Il importe également de poser les conditions d’un dialogue entre les plateformes et les travailleurs autour des algorithmes utilisés, lorsqu’ils déterminent de façon importante les conditions de travail et de rémunération.

Il s’agit de trouver un juste équilibre entre la liberté d’entreprendre et le besoin de protection, étant entendu qu’un statut trop rigide risquerait de limiter les opportunités d’emploi offertes à de nombreux travailleurs.

Faut-il aller vers une segmentation plus marquée du droit du travail ou, au contraire, une convergence des droits entre travailleurs salariés et indépendants au sein d’un droit de l’activité professionnelle ? La question reste ouverte.

Une réflexion globale sur le statut des travailleurs des plateformes numériques a été engagée par le Gouvernement. Mon groupe sera très attentif aux propositions qui seront formulées.

Composante à part entière de la révolution digitale, les plateformes collaboratives représentent un atout majeur pour l’avenir de notre économie. Leur développement est exponentiel : à l’avenir, comme l’a annoncé un article du New York Times, nous ne dirons plus à un ami nous travaillons, mais sur quoi nous travaillons.

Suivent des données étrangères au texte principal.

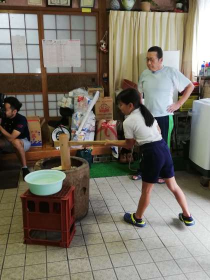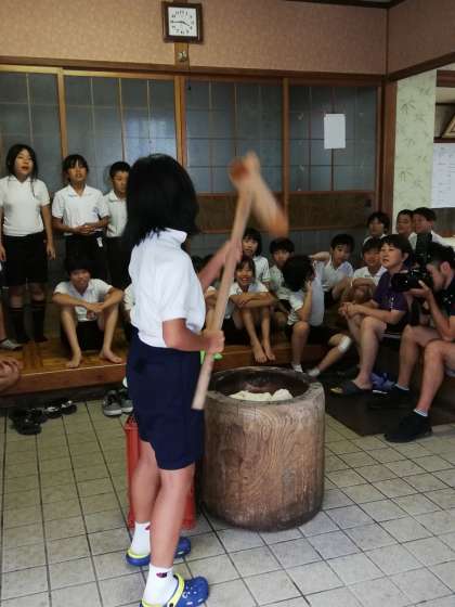 餅つきの様子が送られてきました。2日目の午後は予定を変更して餅つきを行いました。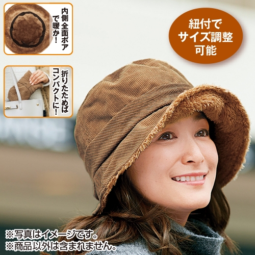 内側は全面ボア製のあったか帽子。コンパクトに折りたためるのでバッグに入れてもかさばりません。

Tout changement est source de déséquilibres, d’incertitudes et de recherches. Prenons le temps de mener, avec le Gouvernement, les acteurs concernés et tous les groupes parlementaires, en particulier nos collègues qui connaissent bien ces sujets, une réflexion ouverte sur le droit des travailleurs des plateformes et, plus largement, sur les frontières entre professionnels et non-professionnels, ainsi qu’entre salariés et travailleurs indépendants.